Weekend Forecast for May 15-17, 2009
By Reagen Sulewski
May 14, 2009
BoxOfficeProphets.com
With the two big films of Summer 2009 released so far looking to be just medium-sized hits, Hollywood is looking for something to be the first truly huge film of the year. If they want it to happen this weekend, they'd best keep on walking.
Angels & Demons is the follow-up/prequel to the 2006 adaptation of the Dan Brown mega-bestseller The Da Vinci Code, which sees the return of symbologist Robert Langdon and his made-up profession, using his skills to crack religious mysteries, specifically in this case, that threaten the Catholic Church.
Langdon is called in when a physicist at the CERN laboratory in Switzerland is found murdered, with the mark of the Illuminati, a sooper-sekrit anti-Christian society, burned into his chest. It's then revealed that members of this group have stolen a vial of anti-matter from the facility and are planning to use it to destroy the Vatican with a massive explosion. If that wasn't enough drama, Vatican Cardinals are in the midst of picking a new Pope.
Tom Hanks returns for his role as Langdon, joined by Ewan McGregor as an influential member of the Papal Conclave, Stellan Skarsgard as the head of the Swiss Guards and a whole host of actors who I'm sure are quite famous in Europe, but that you've never heard of. Ron Howard also returns to direct.

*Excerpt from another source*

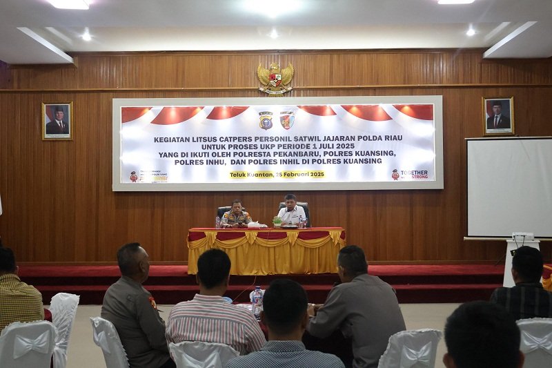 KUANTAN SINGINGI, hitsnasional.com – Polres Kuantan Singingi (Kuansing) menggelar kegiatan Penelitian Khusus Catatan Pribadi (Litsus Catpers) bagi personel Satuan Wilayah (Satwil) jajaran Polda Riau dalam rangka proses Usulan Kenaikan Pangkat (UKP) periode 1 Juli 2025. Kegiatan ini berlangsung pada Selasa, (25/2/2025), mulai pukul 09.30 WIB di Aula Sanika Satyawada Polres Kuansing.
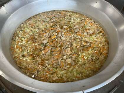 ソーキ汁の豚ばら肉は、先にゆでて余分なあぶらを落としています。だし、切りこんぶ、豚肉のうま味でおいしく仕上がりました。そぼろには粒状の大豆が入っていましたが、ツナも入っていたので食べやすかったようです。

While The Da Vinci Code set all the sales records, Brown fans often claim that Angels & Demons is the better book (but then: they read Dan Brown books). And even those fans poorly received the Da Vinci Code adaptation, although it put up a gaudy $77 million opening weekend on the way to a $217 million final figure. Unfortunately for Hanks, Howard and Brown, the bloom may be off the rose, as the combination of the poor quality of that film, plus Angels & Demons' lesser popularity, could sink Angels & Demons, relatively.
We may be looking at a Prince Caspian situation, where the fandom really existed only in one book, and any attempts to graft that popularity onto other works from the author aren't going to take. In that example, the second Narnia film earned just a little over half of the first. I don't expect that bad a result, but initially we should see a drastic shrinking of the opening weekend, to around $47 million. In any case, we'll get to see just how much mojo Tom Hanks has anymore. At least he doesn't have that stupid hair.
This leaves open the possibility that Star Trek could repeat at the top spot of the box office. Its $75 million opening seemed to split the difference between some of those that felt Star Trek was ready to join the realm of comic book films and those that felt it needed a bit more time to recover from the last disastrous ten years for the franchise. In the end, both were kind of right.
Weekday numbers are never exacting as far as predicting weekend holdovers, but can often act as a useful barometer. In Star Trek's case, it's clear skies ahead, with its Monday-to-Thursday figures running ahead of the much higher opening Iron Man, which you'll remember wasn't too shabby in the legs department itself. With a bit of a lull out there, Star Trek might be primed to clean up for another weekend, building on spectacular word-of-mouth. Based on the number I'm predicting for Angels & Demons, though, it should fall just a tad short, with $45 million, still an outstanding blockbuster performance in this day.
Help is not coming for Wolverine, though, which dropped a near unfathomable 70% from its opening weekend. Like Mick Jagger without the Stones, the first solo effort from the X-Men crew was intriguing but ultimately reminded people why the whole is better than its parts. At this point, Wolverine might hit $170 million, but that's not a sure thing. Give it $11 million for its third frame.
Ghosts of Girlfriends Past hung on reasonably well in the absence of any romantic comedy competition, earning $10 million in its second weekend. We're looking at the standard $65-80 million final total here, and as odious as these films of McConaughey's tend to be, they remain one of the most consistent bets outside of cheap horror.